Am Sewan See bleibe ich genau vier Stunden. Dann beschließe ich entgegen meines ursprünglichen Planes weiterzuziehen. Eigentlich wollte ich hier zwei Nächte wild campen, den spektakulären Sonnenauf und -untergang an diesem einmaligen Ort auskosten, mir Zeit nehmen und durchatmen. Wie in Georgien. In Armenien soll das problemlos gehen, aber ich fühle mich nicht sicher. Dauernd wird mir durch das Gehupe fremder Männer deutlich gemacht, dass ich gesehen werde. Ständig will mir jemand „helfen“ und was für reisende Männer und Pärchen unter dem Begriff „Gastfreundschaft“ oder „Hilfe“ läuft, wird bei allein reisenden Frauen ganz schnell zur Belästigung. Jeder Kontakt fängt gastfreundlich an, das ist hier einfach so, aber zu oft mündet dieser in unangenehmen Diskussionen und Beleidigungen.
Als ich beschließe doch weiter nach Jerewan zu ziehen und versuche, einen Platz in einer Marshrutka zu bekommen, habe ich Pech. Somit laufe ich sieben Kilometer ins nächste Städtchen (natürlich in der Mittagssonne, entlang einer viel befahrenen Straße), ignoriere und wimmle die ganzen Autos ab, die mir anbieten, mich mitzunehmen und zahle den Preis in Form von Schweißtropfen.

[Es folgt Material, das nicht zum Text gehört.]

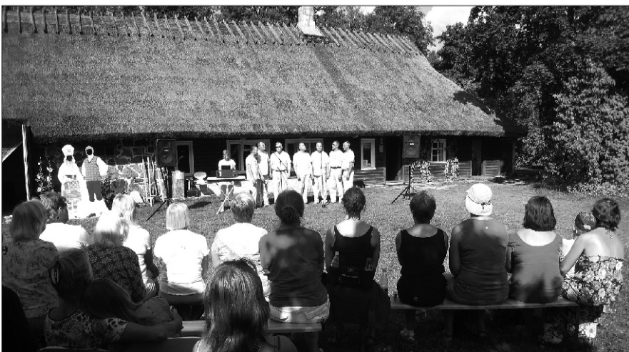
Suvel toimuvad Koguväe Muuseumis igal nädalavahetusel kontserdid, kus astuvad üles esinejad oma maakonnast ja kaugemaltki. Augusti algul laulis muuseumi külalistele Vastemõisa meesansambel Pange Poisid.

02. oktoober Eesti meistrivõistlused jalgpallis B2 vanuseklassis SK Tääksi - FC Elva Suure-Jaani Gümnaasiumi staadionil algusega kell 17.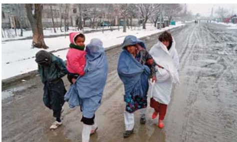
Ce froid extrême a touché, entre autres, les provinces de Takhar, Badakhshan, Nimroz, Kandahar, Laghman, Ghazni,

Cent quatre personnes ont perdu la vie en raison d'une vague de froid avec de fortes chutes de neige en Afghanistan au cours des deux dernières semaines, a déclaré lundi le porte-parole du ministère de la Gestion des catastrophes naturelles et des Affaires humanitaires, Shafiullah Rahimi.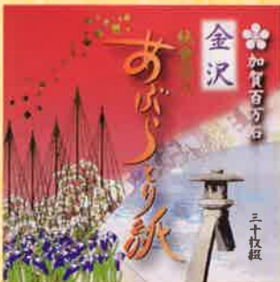
●T19-20 加賀百万石 30枚綴 90×90mm ¥300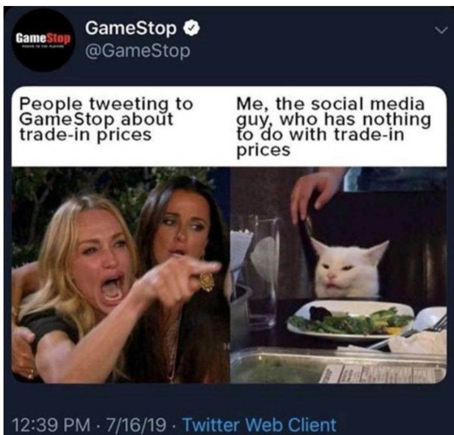
Kuva 12. GameStopin Woman Yelling at a Cat -meemin variantti (SneepSnorping, 2019).

Kuvan 12 GameStopin julkaiseman meemivariantin aiheena on GameStopin saama asiakaspalaute Twitterissä. Vasemmanpuoleiset naiset representoivat ihmisiä, jotka twiittavat GameStopille käytettyjen pelien hyvityshinnoista, ja kissa puolestaan merkitsee GameStopin sosiaalisesta mediasta vastaavaa työntekijää, joka ei voi vaikuttaa kyseisiin hyvityshintoihin.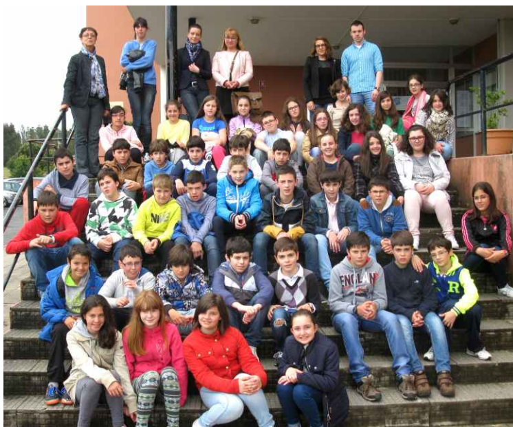
Alumnado de Curtis e Teixeira que en 2014-2015 cursará 1º de ESO no IES de Curtis. A nosa benvida!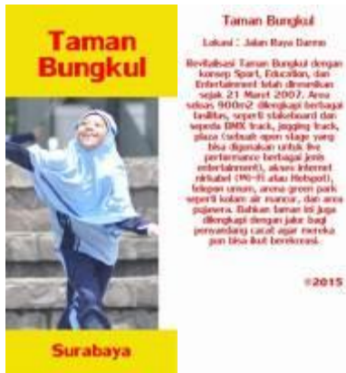
Gambar 4.65 Layout pembatas buku 1 depan dan belakang

Kurz bevor ich ankomme in Sewan City, hält ein neuer weißer Sprinter neben mir. „Where are you going? Can we bring you somewhere?“ in Windeseile überfliege ich den Anbieter. Er ist nicht jung, aber auch nicht alt. Bestimmt verheiratet mit Kind (und noch nicht gelangweilt von seiner Frau), neben ihm sitzt sein Fahrer, ein alter Mann (bestimmt gelangweilt von seiner Frau). Außerdem spricht er English. Ein großer Pluspunkt. Er weiß wie das mit den europäischen Frauen funktioniert. Ich zögere und sage schließlich, dass ich in Sewan zum Bus möchte. Er nickt und macht die Tür auf. Den Rucksack werfe ich auf die Ladefläche zu einer Ansammlung von alkoholischen Getränken und begebe mich auf den dritten Platz zwischen den beiden Männern.
Natürlich fragen sie mich, wo ich hin will und nehmen mich schließlich mit nach Jerewan. Was folgt ist eine fröhliche, entspannt und informative Fahrt in die Hauptstadt. Ich werde zur Hochzeit des Sohnes eines Freundes eingeladen (eine Einladung auf die ich nicht weiter eingehe), und genau an dem Ort rausgelassen, wo ich rausgelassen werden möchte. Ich habe den jüngeren Armenier offensichtlich richtig eingeschätzt. (Eine Seltenheit in Armenien, da man im Auto eines fremden Menschen in dessen Obhut und Verantwortung ist. Als Ausländer wird man hier am liebsten direkt in die Verantwortung eines anderen Menschen übergeben, vor allem als allein reisende Frau. Ein Umstand der mir total gegen den Strich geht.)
Und somit bin ich zwei Tage früher als geplant in der pinken Stadt. Den Sewansee muss ich in meinen Akten mit „nochmal hinfahren“ weglegen. Das nächste Mal komme ich mit Auto und männlicher Begleitung, dann ist es sicherlich traumhaft. Erstmal stelle ich mich darauf ein, dass es hier in Armenien genau anders herum sein wird, wie in allen anderen bisherigen Ländern. Die Stadt wird hier für mich das Highlight. Sie ist nicht zu groß, nicht zu laut, nicht zu freundlich und nicht zu interessiert an europäischen Ausländern. Aber mehr dazu beim nächsten Mal.